Voting Outside The Lines

Greetings, friends!

Picture this: you’re on the board of a large company, one of the largest in the world, and you’re tasked with hiring a new CEO. The board has decided on two candidates that couldn’t be more different. After interviewing them, you hate both. Which do you choose? If you’re like most Americans, you’re going with the candidate you hate least. But is this really who you want to run your company? Who you want to represent your name?

 

Well, you are, in a way, a member of a very large board of a company – The United States of America, and it’s time we all start doing our job.

The truth is, there are way more than two candidates for president, even if you’re a time traveler from after the primaries have been decided. That’s right folks, I’m talking about the third parties the DNC and GOP are begging you to forget.

But, Ben, I really don’t want to waste my vote. 

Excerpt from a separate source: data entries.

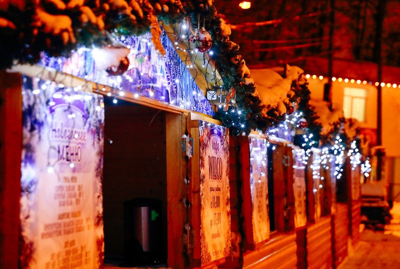 В парке организована рождественская ярмарка. Для каждого домика разработано разнообразное меню, которое включает в себя блины, мясные блюда, сладости и горячие напитки.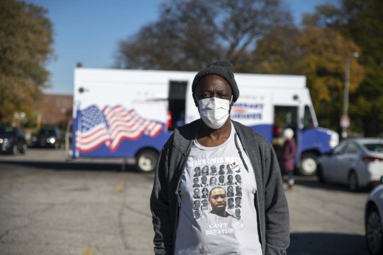 V deň prezidentských volieb stojí žena v tričku so zabitým Georgeom Floydom pred potravinovým nákladným vozidlom Pizza to the Polls a Uber Eats. Cleveland, 3. november 2020 Foto: Matt Schiffler/AP Images for Pizza to the Polls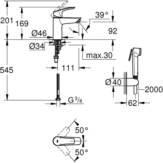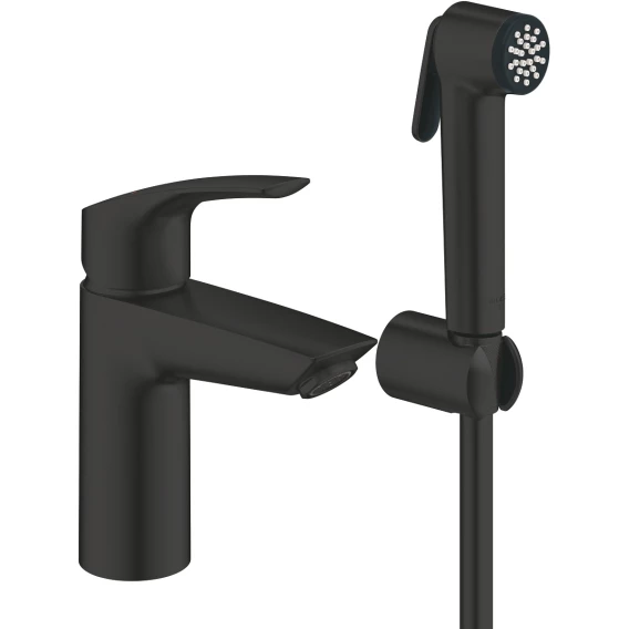Смеситель для раковины Grohe Eurosmart 231242433 с гигиеническим душем, без донного клапана, черный матовый

Me either! Which is why I’m not voting for a candidate I don’t even like.

Okay but can a third party candidate even raise enough money to run a successful presidential campaign? 

Bernie Sanders’ raised 6.8 million dollars in a day. Anything is possible.

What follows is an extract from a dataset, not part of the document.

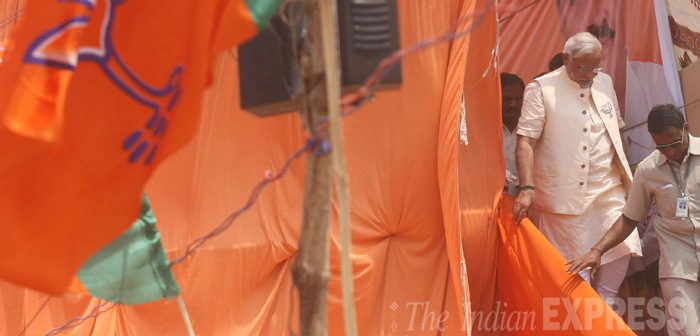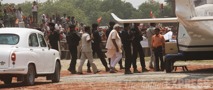 Narendra Modi leaves from Azamgarh. (IE Photo: Neeraj Priyadarshi)

Yeah, but what can third parties really offer us?

Besides fresh perspectives, more options, and less ways for the major parties to control you? Uh they’ll probably give your racist uncle more to complain about on his Facebook?

Who’s even running? 

For the green party – Jill Stein, Darryl Cherney

For the libertarians – Marc Feldman, Gary Johnson, John McAfee, Austin Peterson

Other Candidates

But I really like (Insert Politician Here)
Fantastic! You should totally vote for him or her. But the fact that there’s a whole world of candidates out there that you’ll never hear from should anger you (especially if you like Sanders because he’s “revolutionary,” or Trump because he’s “not a politician”). And if you’d like to live in a true democracy, where candidates have the platform to say what they want, regardless of major party affiliation, then say so.